My studio was set up in 1999 after 9 years of teaching hot glass at Sunderland University; my main objective was to solely concentrate on my own work as far as possible.
I wish to make beautiful glass. Not ‘chocolate-box’ beauty per-se but the beauty you find in a work whose qualities draw you in and once your there, keep you there.
Such work speaks quietly of the harmony between maker or makers and the medium. It is often the result of a path that involves many failed attempts but results in a piece all the stronger for that, where nothing needs neither added nor taken away.
I find glass to be a material that does not respond well to being dominated by the artist. For me the concept of the work is just the starting point for a conversation between the artists idea and the material. The artist flags up the idea, the medium responds and the discussion begins. However the material must not dominate proceedings either and hot glass, as most who work in it know, can be very persuasive in having its own way. This is where technical skill plays its part.
I have discovered in my efforts to instil these qualities into my work that my ideas have moved far from the traditional glassmaking I was taught at Art College. I have been required to develop new techniques and resurrect and adapt some old ones to move on from the inevitable constraints on form that glassblowing produces.

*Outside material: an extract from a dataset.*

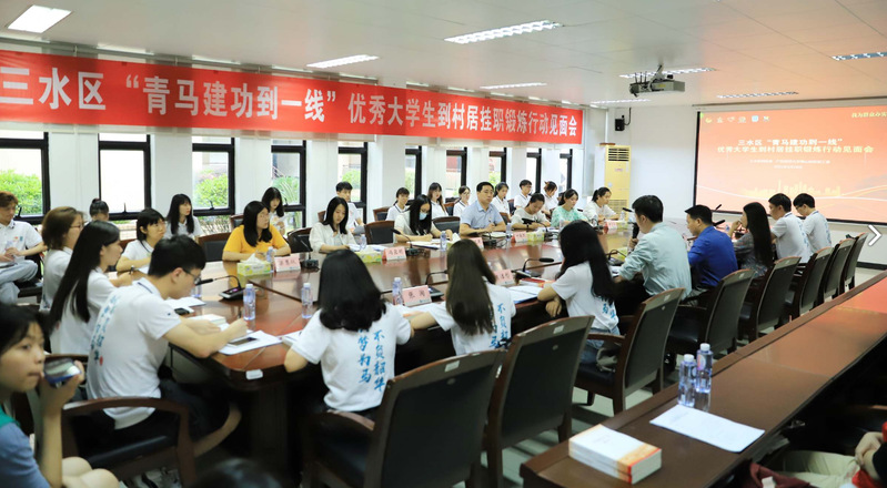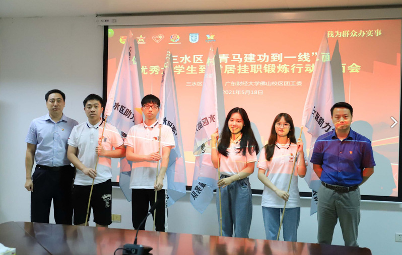 5月18日下午,三水区“青马建功到一线”优秀大学生到村居挂职锻炼行动见面会在m88第一会议室举行。三水区团区委书记叶俊凯,m88党委副书记钟智、校团委副书记张鹏程,相关社区团委书记及参与挂职锻炼活动的青马学员参加会议。叶俊凯、钟智为三水区助力乡村振兴青马志愿服务队授旗。

Technically and creatively I no longer feel shackled by blowing the glass. However, whether it be the tight control of form and colour required in my sculptural ‘perfume bottles’, or the physical strength required to manipulate my large irregular wave forms, I feel at this moment I am being pushed close to the limits of my technique.
The path this search for beautiful glass has led me on, although frustrating at times has also been very exciting too. I do not know exactly where in the future it will lead my work but I believe as long as what I produce is idea led and follows the motivation outlined above, my work will be going in the right creative direction and I look forward to what new works lie ahead.